ABOUT THIS TASK> Within the listing below, the lines to output run from the one containing "Step 3: Assign" through the one containing "进口奔驰V250商务车内饰方"; copy them exactly and nothing else.

RECORDS FOR THE EXERCISE>
↓
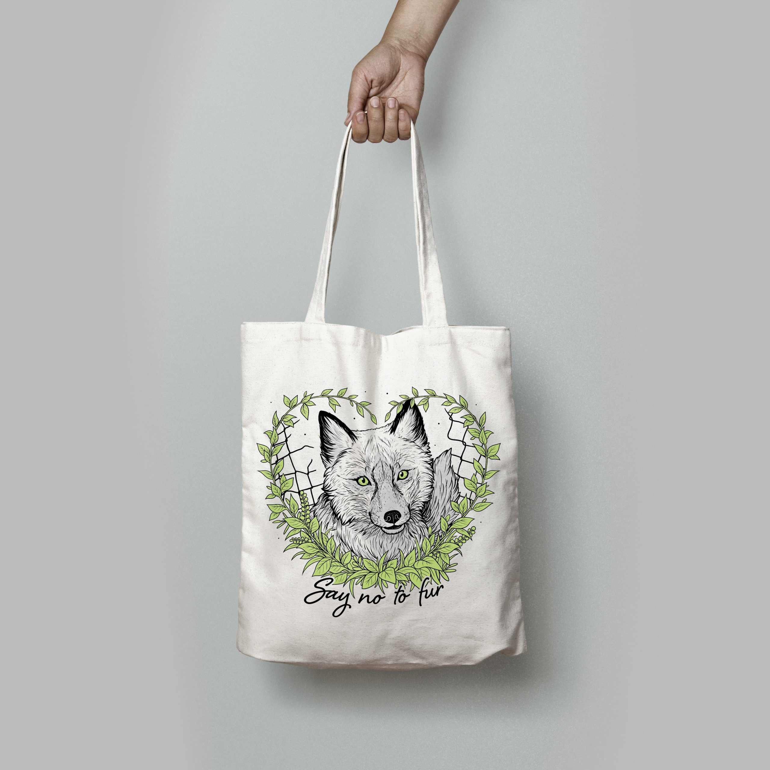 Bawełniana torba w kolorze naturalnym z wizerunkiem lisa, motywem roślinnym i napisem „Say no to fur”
↑
↓
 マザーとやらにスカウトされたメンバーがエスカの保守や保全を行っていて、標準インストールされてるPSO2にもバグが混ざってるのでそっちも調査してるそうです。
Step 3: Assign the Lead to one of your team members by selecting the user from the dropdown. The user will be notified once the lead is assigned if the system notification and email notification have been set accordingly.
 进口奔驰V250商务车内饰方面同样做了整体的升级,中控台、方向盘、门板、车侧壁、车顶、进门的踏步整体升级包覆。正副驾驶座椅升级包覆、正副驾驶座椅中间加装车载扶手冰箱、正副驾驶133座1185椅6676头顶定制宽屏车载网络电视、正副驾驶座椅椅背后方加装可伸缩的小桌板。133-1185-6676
↑
↓
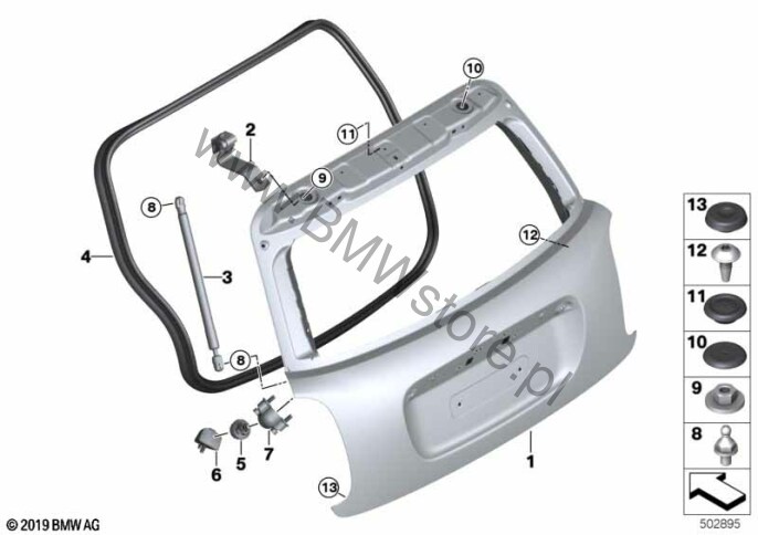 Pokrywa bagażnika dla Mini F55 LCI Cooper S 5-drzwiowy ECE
↑
ANSWER SECTION>
Step 3: Assign the Lead to one of your team members by selecting the user from the dropdown. The user will be notified once the lead is assigned if the system notification and email notification have been set accordingly.
 进口奔驰V250商务车内饰方面同样做了整体的升级,中控台、方向盘、门板、车侧壁、车顶、进门的踏步整体升级包覆。正副驾驶座椅升级包覆、正副驾驶座椅中间加装车载扶手冰箱、正副驾驶133座1185椅6676头顶定制宽屏车载网络电视、正副驾驶座椅椅背后方加装可伸缩的小桌板。133-1185-6676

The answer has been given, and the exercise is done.